简糖是个不折不扣的傻子,大学毕业不久就和他从未谋面的“父亲”结婚了,但这段以出轨告终的婚姻只维持了六个月。
“谈了快五年,我以为彼此之间应当是很熟悉了……那时候蠢,基本认定了他。他想先成家后立业,我就跟着去民政局了。”
“……还能为什么?婚姻和恋爱是两件事,总是因为一些鸡毛蒜皮的小事吵得不可开交,可能我们两个根本就不适合一起生活吧。”
“……我不知道那个女人是谁,也懒得寻根究底,但他没有否认。我就想着,趁沉没成本还不算太高,赶紧结束吧。”
简知当时听到这里的时候,忍不住打断,“可是也太短了,才六个月,你这婚结得跟过家家似的。”
“年轻不懂事,错把渣男当真命天子。当断则断,你妈我在这方面就不爱拖泥带水。”
“那后来……你为什么不告诉他你有了我。”
“你是想说,有没有可能因为你的到来我们能重新开始吧——离婚后我才发现你在我肚子里已经待了两个月。打掉的念头冒出来过但是很快就打消了,隔着肚皮多了一条生命存在,那种感觉太神奇了。我做不到把一个新生命就那样从这个世界上抹杀掉。至于复婚,没想过。你不应该也没必要成为一个维系破损婚姻的工具。我让你成为了我的私有宝贝,没有经过你的允许就这样生下你,你怪我吗之之?”
简知摇了摇头。简糖已经给了他很多很多,多到足够让他长得很好,这就够了。
“我其实很害怕养不好出于一己之私留下的你。”简糖一脸认真,“但是所幸,你没让我失望——不愧是我的优秀基因!随便养养就能养出这么好的你!”

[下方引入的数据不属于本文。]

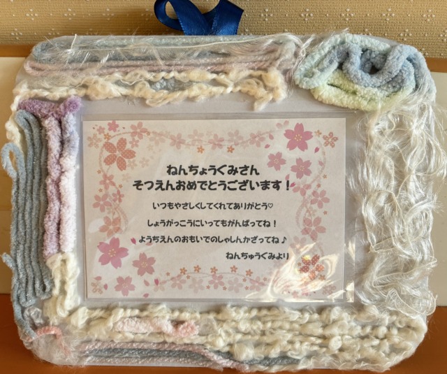 厚紙に様々な色合いの毛糸🧶を貼り付けてフワフワのかわいいフォトフレームを作りました!
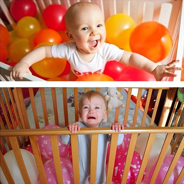 Who thinks, “Let’s put our baby in a box with packing peanuts and take a picture?”
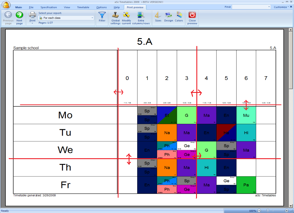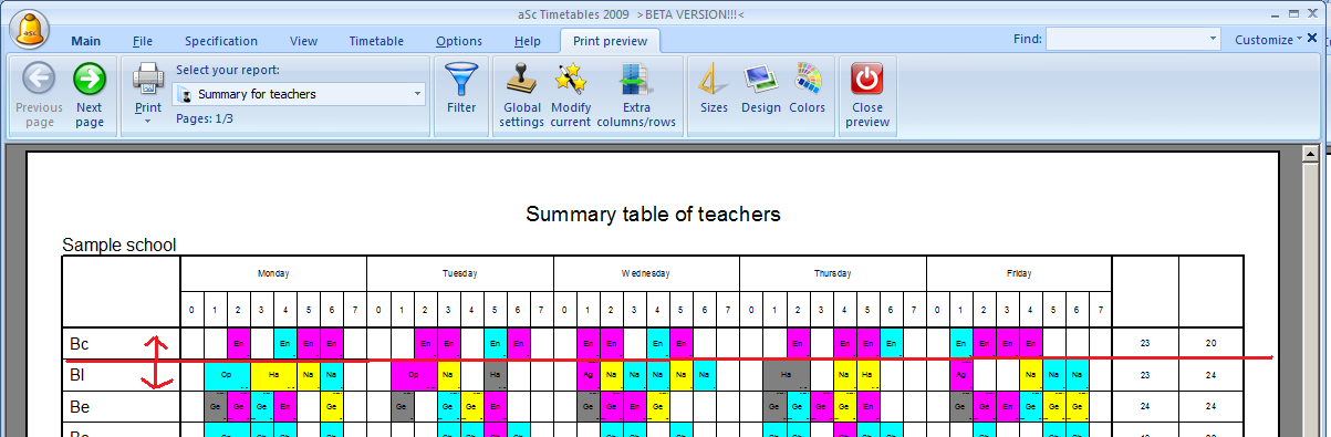 For example, summary timetable of teachers is fit to width, but not fit to height so you can set the height of the rows. IF there are more rows, the printout will continue onto the next page:
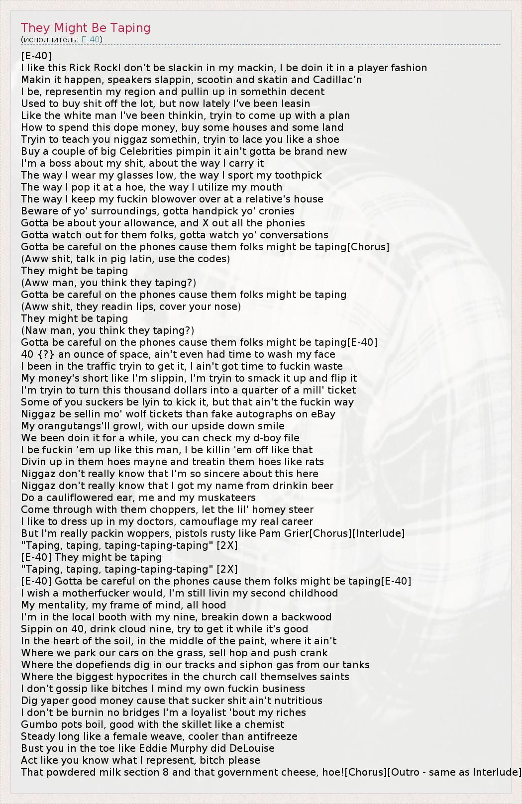 ГлавнаяИсполнителиE-40They Might Be Taping
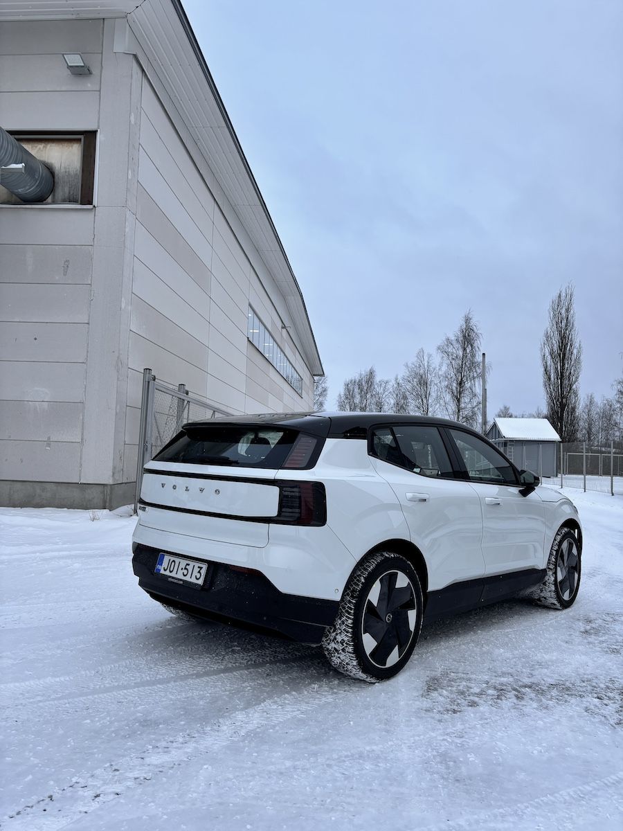 Takavetoinen EX30 on talvikelissä jopa hauska auto: Verrattain pienikokoinen, mutta silti tehokas sähköauto mahdollistaa pienen hauskanpidon, mutta samalla on oltava tarkkana: Liukkaalla kelillä kaasujalan kanssa on syytä olla tarkkana, sillä muuten saattaa löytää itsensä penkasta. Toisaalta takavetoinen auto on osaavissa käsissä miellyttävämpi ajaa kuin yhtä tehokas etuveto, jonka kanssa ajaminen voi olla varsin puskevaa. Alusta on mukavan jämäkkä, jopa urheilullinen. Yhdistettynä melko tarkkaan ohjaukseen ja runsaan viiden sekunnin kiihtyvyyteen sataan kilometriin EX30 tarjoaa riittävästi tehoa ja ajettavuutta vaativammallekin kuljettajalle. Ultra-varustelutasosta jäimme kaipaamaan monipuolisemmin säätyvää kuljettajan istuinta.
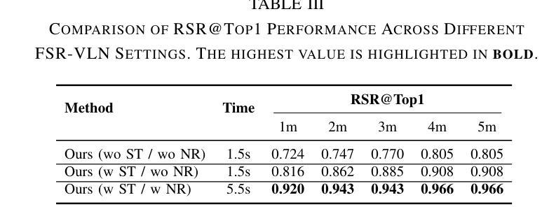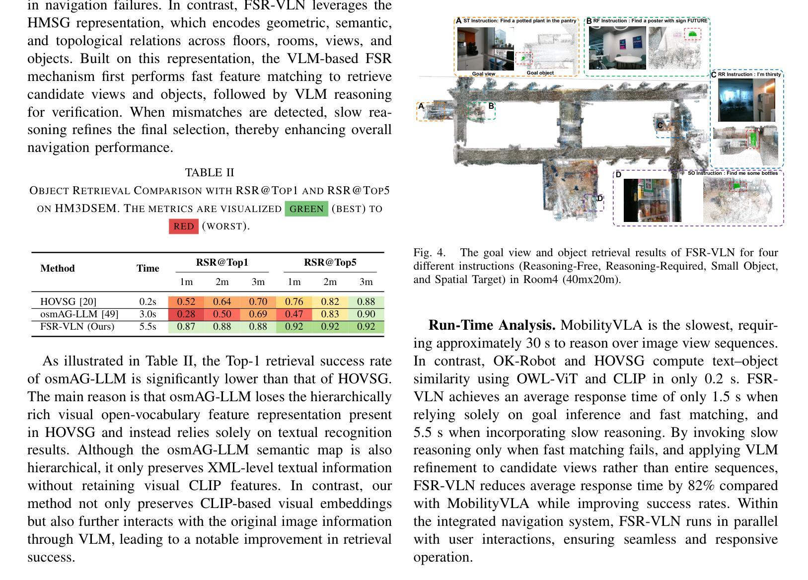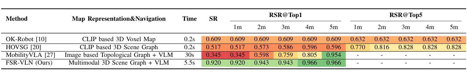 - 在四个室内数据集上评估,FSR-VLN达到最新性能水平,显著提高检索成功率(RSR),并大大减少响应时间。
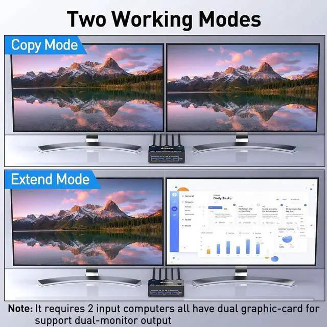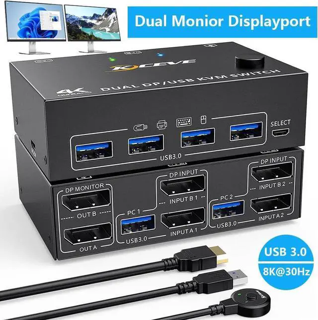 2 Ports Dual Monitor DP KVM Switch for 2 computers share 2 monitors and 4 USB3.0 devices.
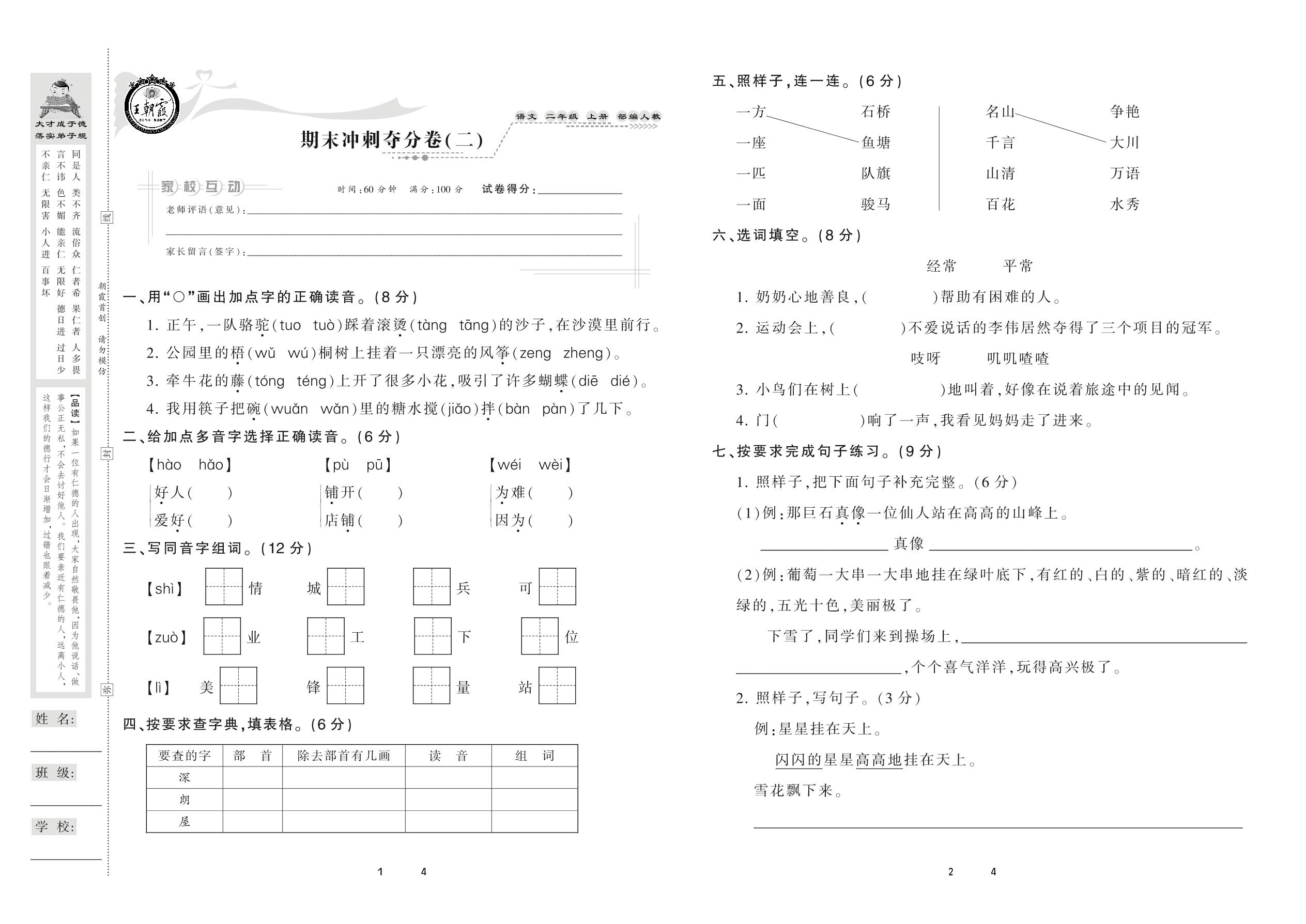 2020上册二年级语文人教版 期末冲刺夺分卷(二)
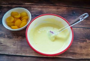 Als Erstes die Aprikosen gut abtropfen lassen. Die Butter mit dem Zucker schaumig rühren, bis die Masse hell und cremig ist. Das Ei hinzufügen und gut unterrühren. Anschließend den Quark, den Zitronenabrieb und das Puddingpulver dazugeben und alles zu einer glatten Masse vermengen.
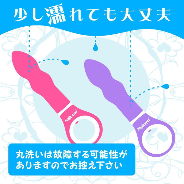 ●安心安全な高品質シリコン●扱い易いリング型グリップ●女性でも楽々な軽量ボディ●先端に二つの膨らみを配置●静音性抜群の振動機能搭載●選べる7種類の振動パターン●生活防水仕様(丸洗い不可)。
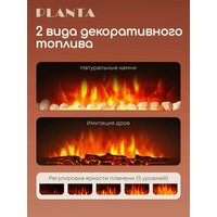2 вида декоративного топлива - белые камни и имитация дров, функция «Звук потрескивания дров», режим имитации пламени без обогрева
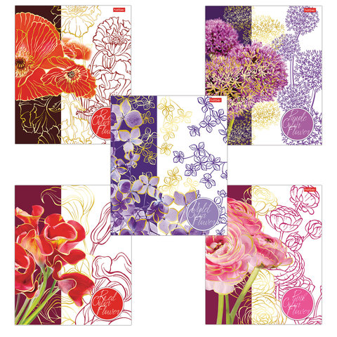 Тетрадь А5, 48 л., HATBER, скоба, клетка, 3D фольга, 'Painted Flowers' (5 видов в спайке), 48Т5лофВ1
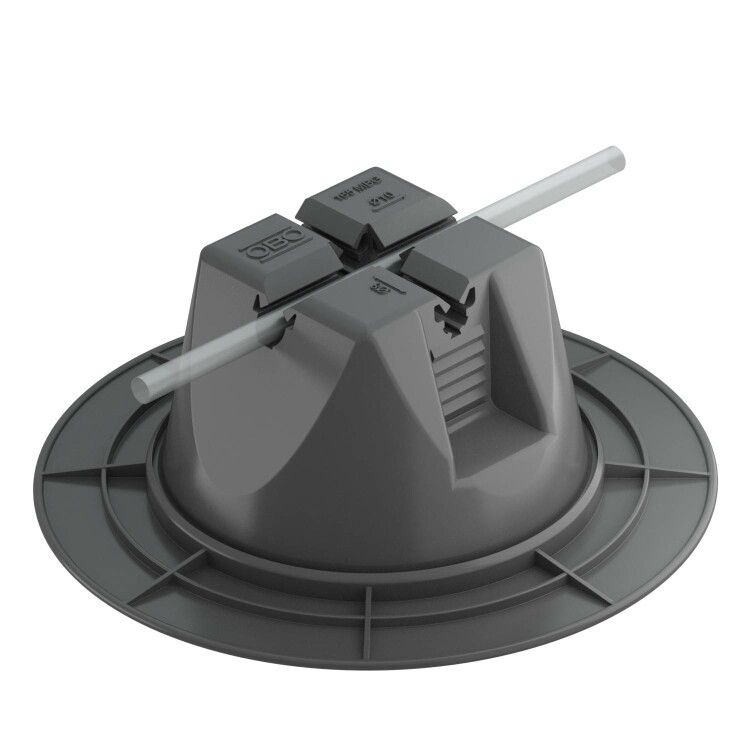 - При необходимости можно дополнительно зафиксировать держатель для плоской кровли OBO BETTERMANN 165 mbg-8-10 200 клеем на базе полиуретана, если есть риск смещения при сильном ветре
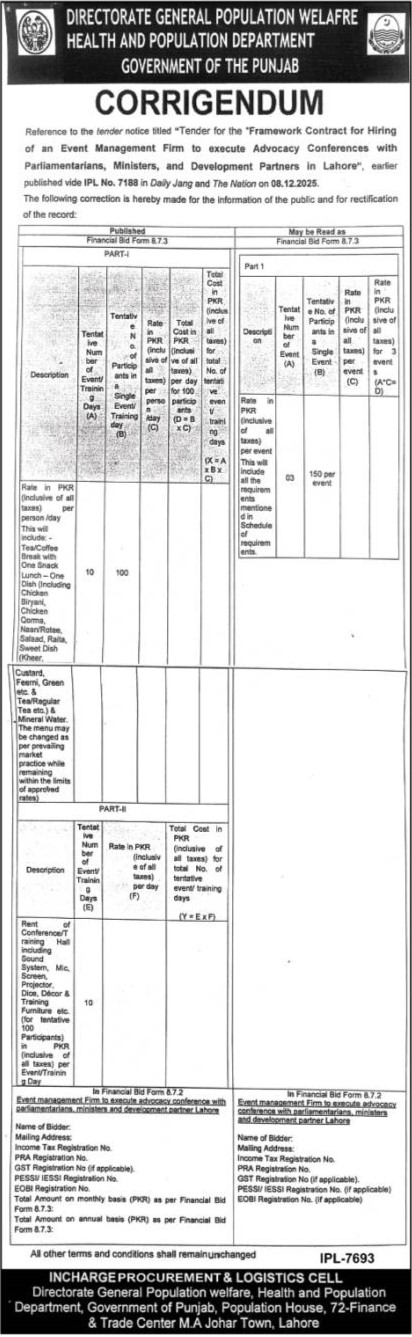 Tender Description
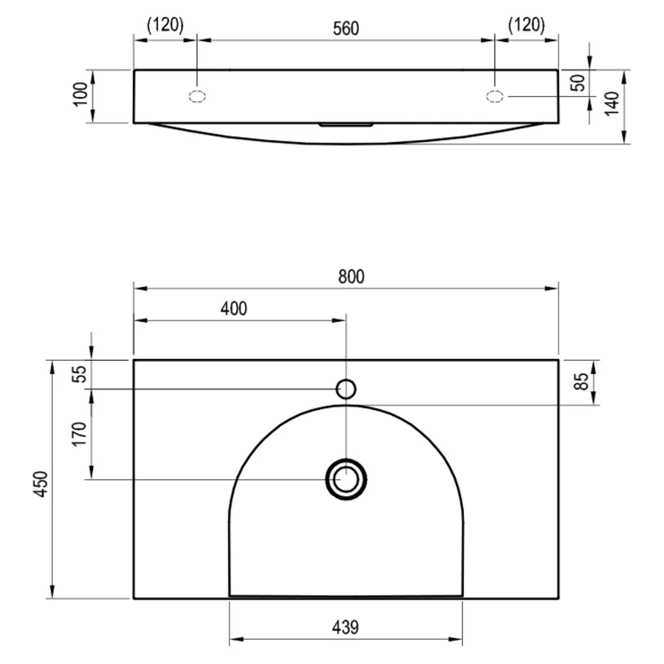 Møbelhåndvask i støbemarmor Lite til vægmontering eller indbygning i et væghængt underskab, uden overløb. Udførelse i hvid. Med hul til blandingsbatteri.
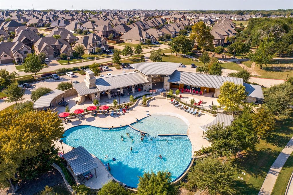 Better than new in Trinity Falls! This stunning true 1.5-story home offers 4 bedrooms, 4 full baths, a study, a multigenerational suite with its own living room, a game room, a media room, an over-length 2-car garage, and a whole-house Generac natural gas generator that automatically activates during a power outage. Peace of mind is built in. Oversized tile flows through the entry, kitchen, family room, and dining area. A private study features crown molding, a ceiling fan, and glass French doors. Three-way bedroom split: two secondary bedrooms with walk-in closets share a full bath; a multigenerational suite sits behind double doors with bedroom, full bath, walk-in closet, plus large living area, play area, or second game room; the primary suite features a step-up ceiling with double crown molding, circular bay window, spa-like primary bath with separate tub and shower, granite counter tops, dual sinks, framed mirrors, and large walk-in closet. The gourmet kitchen boasts granite countertops, a huge island with a breakfast bar, stainless steel appliances, a gas cooktop, tall display cabinets, pendant lighting, and a large walk-in pantry. Vaulted family room opens to a 16x15 covered patio with stamped concrete, gas fireplace, and built-in grill. Upstairs: game room, media room (all equipment conveys), and full bath. Utility room with gas and electric dryer connections. 24-ft garage includes utility sink, mud bench, and Versa Lift - an electric lift system to move items to attic storage effortlessly. Sprinkler. Security. Trinity Falls amenities include two pools—The Lodge (with fitness center) and The Club—plus playgrounds, scenic ponds, and trails. Please see MLS Documents Section for Trinity Falls Information and MUD Disclosure. All information provided is deemed reliable but not guaranteed.

正经不过三秒。简知继续问:“那后来为什么也没考虑给我找个新爸爸?毕竟我那时候很小,没有记忆所以其实也不会有什么影响。”
“懒得慢慢试错了,那时候一心只希望你快点长大——另一方面我开始觉得自己不适合婚姻生活,还是一个人的自由状态更让我舒适。”
简糖生他的时候甚至没告诉家里,她是这么解释的:
“她们要是知道我怀了你还离婚,一定会让我复婚的。我当然不想,所以我决定先斩后奏,先生了再说。”
后来,外婆告诉他,简糖一个人把两个月大的他抱回家过年的时候,近五十岁的外公在家追着二十多岁的妈妈要杀要剐闹腾了一整天。整个正月家里都鸡飞狗跳、不得安宁。
至于那个陌生的所谓的父亲,一个对他的出生贡献了几颗精子的人,他是没什么概念的。
从他懂得“父母”这个词的概念的时候,简糖就认真地告诉过他,“宝贝,你和别的小朋友不一样,你没有爸爸,你只有我,我既是你的爸爸又是你的妈妈。”她说到,也做到了。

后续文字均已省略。